# Analysis of human and model behavior across physical domains

**The purpose of this notebook is to:** 
* Apply preprocessing to human behavioral data
* Visualize distribution of human physical judgments, by domain
* Compute summary statistics over human physical judgments, by domain
* Visualize distribution of model physical judgments, by domain
* Compute summary statistics over model physical judgments, by domain
* Conduct human-model comparisons
* Output CSV that can be re-loaded into R notebook for statistical modeling & fancy visualizations

**This notebook depends on:**
* Running `./generate_dataframes.py` (INTERNAL USE ONLY)
* Running `./upload_results.py` (INTERNAL USE ONLY)
* Running `./download_results.py` (PUBLIC USE)

## setup

#### Load packages

In [84]:
import os
import sys
import urllib, io

from importlib import reload
from utils import *

os.getcwd()
sys.path.append("..")
sys.path.append("../utils")
sys.path.append("../analysis/utils")

import numpy as np
import scipy.stats as stats
import pandas as pd

import pymongo as pm
from collections import Counter
import json
import re
import ast

from PIL import Image, ImageOps, ImageDraw, ImageFont 

from io import BytesIO
import base64

from tqdm.notebook import tqdm

import  matplotlib
from matplotlib import pylab, mlab, pyplot
import matplotlib.pyplot as plt
%matplotlib inline
from IPython.core.pylabtools import figsize, getfigs
plt = pyplot
import matplotlib as mpl
mpl.rcParams['pdf.fonttype'] = 42
plt.style.use('seaborn-white')

import seaborn as sns
sns.set_context('talk')
sns.set_style('darkgrid')
%matplotlib inline

import scipy.stats
import random

from IPython.display import clear_output

import warnings
warnings.filterwarnings("ignore", category=DeprecationWarning)
warnings.filterwarnings("ignore", message="numpy.dtype size changed")
warnings.filterwarnings("ignore", message="numpy.ufunc size changed")

#### options

In [85]:
# display all columns
pd.set_option('display.max_columns', None)

# seaborn plotting themes
sns.set_style("white")

#### set up paths and directories

In [3]:
## directory & file hierarchy
proj_dir = os.path.abspath('..')
datavol_dir = os.path.join(proj_dir,'data')
analysis_dir =  os.path.abspath('.')
results_dir = os.path.join(proj_dir,'results')
plot_dir = os.path.join(results_dir,'plots')
csv_dir = os.path.join(results_dir,'csv')
json_dir = os.path.join(results_dir,'json')
exp_dir = os.path.abspath(os.path.join(proj_dir,'behavioral_experiments'))
png_dir = os.path.abspath(os.path.join(datavol_dir,'png'))

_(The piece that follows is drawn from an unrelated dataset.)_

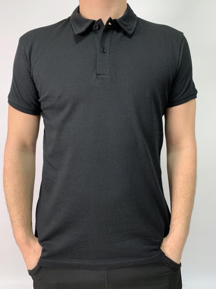 Поло Чорний однотонный базовий , літній поло чорного кольору однотонний , плотність 220 г на кв .м тканина Лакоста розміри M - 6XL Размер XL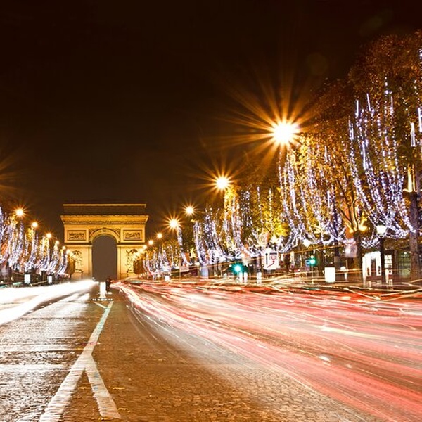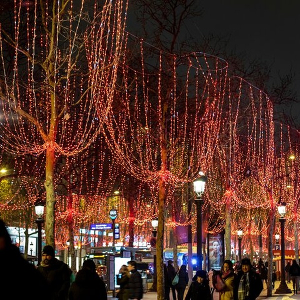 Passez par le départ des Champs-Élysées, brillamment éclairés de milliers de lumières de Noël.

## add helpers to python path
if os.path.join(proj_dir,'stimuli') not in sys.path:
    sys.path.append(os.path.join(proj_dir,'stimuli'))
    
if not os.path.exists(results_dir):
    os.makedirs(results_dir)
    
if not os.path.exists(plot_dir):
    os.makedirs(plot_dir)   
    
if not os.path.exists(csv_dir):
    os.makedirs(csv_dir)       
    
## add helpers to python path
if os.path.join(proj_dir,'utils') not in sys.path:
    sys.path.append(os.path.join(proj_dir,'utils'))   

def make_dir_if_not_exists(dir_name):   
    if not os.path.exists(dir_name):
        os.makedirs(dir_name)
    return dir_name

## create directories that don't already exist        
result = [make_dir_if_not_exists(x) for x in [results_dir,plot_dir,csv_dir]]

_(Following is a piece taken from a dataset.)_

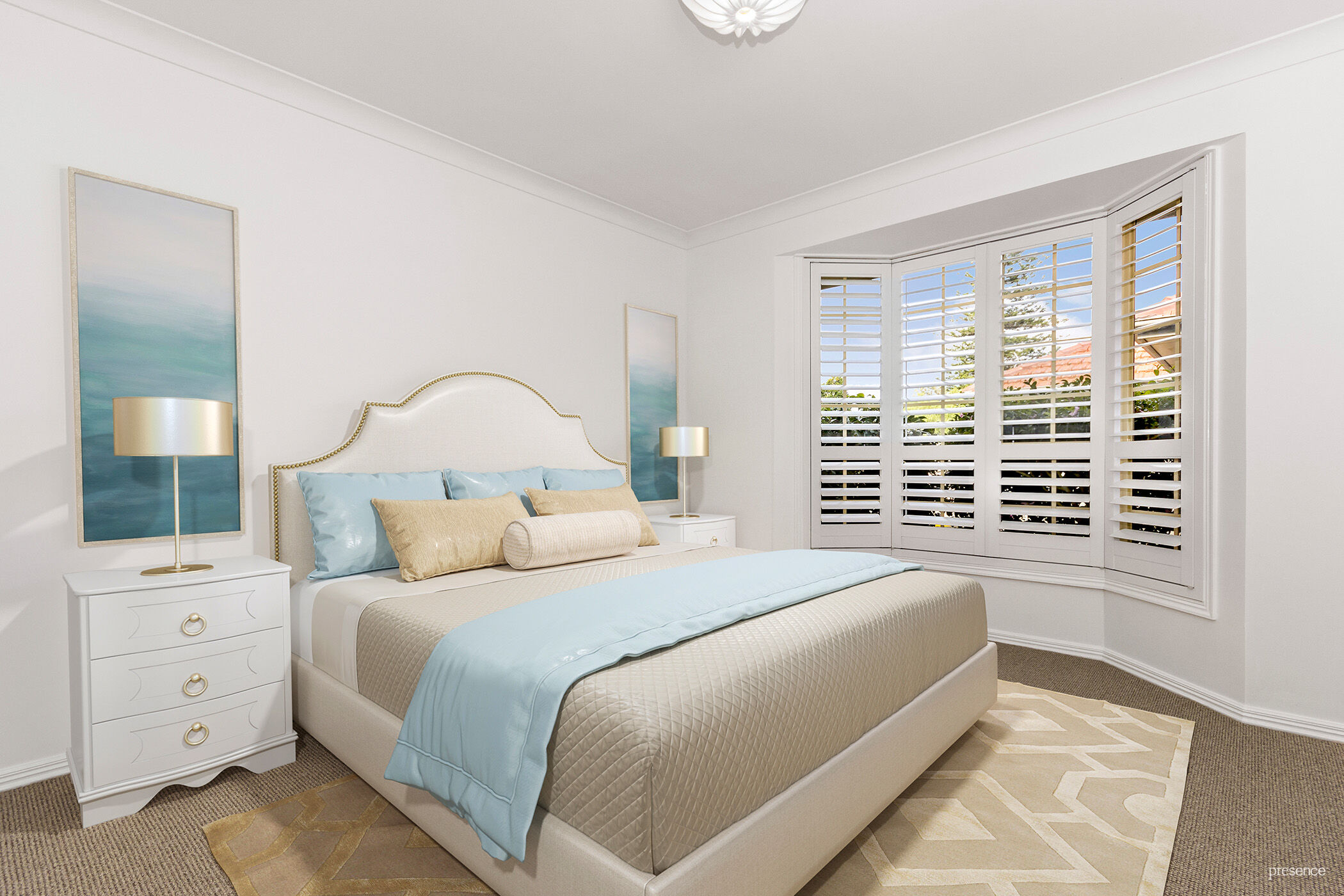 Entertain effortlessly under the eclipse roof on the alfresco area, overlooking the low-maintenance courtyard. Luxuriate in the sleek full-size bathroom featuring a freestanding tub, while each robed bedroom offers plush carpeting and shutters for privacy. Stay comfortable year-round with ducted air-conditioning and enjoy the convenience of an oversized laundry with a second WC.

## Visualize distribution of human physical judgments

### load in data

In [4]:
from experiment_meta import *
HEM = pd.DataFrame(NEURIPS2021_EXPS) # HEM = "human experiment metadata"
HEM

Unnamed: 0,study,bucket_name,stim_version,iterationName
0,dominoes_pilot,human-physics-benchmarking-dominoes-pilot,production_1,production_1_testing
1,collision_pilot,human-physics-benchmarking-collision-pilot,production_2,production_2_testing
2,towers_pilot,human-physics-benchmarking-towers-pilot,production_2,production_2_testing
3,linking_pilot,human-physics-benchmarking-linking-pilot,production_2,production_2_testing
4,containment_pilot,human-physics-benchmarking-containment-pilot,production_2,production_2_testing
5,rollingsliding_pilot,human-physics-benchmarking-rollingsliding-pilot,production_2,production_2_testing
6,drop_pilot,human-physics-benchmarking-drop-pilot,production_2,production_2_testing
7,clothiness_pilot,human-physics-benchmarking-clothiness-pilot,production_2,production_2_testing


In [24]:
## get paths to all human response data
data_paths = [os.path.join(csv_dir,'humans',i) for i in os.listdir(os.path.join(csv_dir,'humans'))]
resp_paths = [i for i in data_paths if i.split('/')[-1].split('-')[0]=='human_responses']
assert len(resp_paths)==8

In [96]:
## load in example dataframe
exp_ind = 0
d = pd.read_csv(resp_paths[exp_ind])

## some utility vars
colnames_with_variable_entries = [col for col in sorted(d.columns) if len(np.unique(d[col]))>1]
# colnames = ['gameID','trialNum','prolificIDAnon','stim_ID','response','target_hit_zone_label','correct','choices','rt']
colnames = ['gameID','trialNum','stim_ID','response','target_hit_zone_label','correct','choices','rt']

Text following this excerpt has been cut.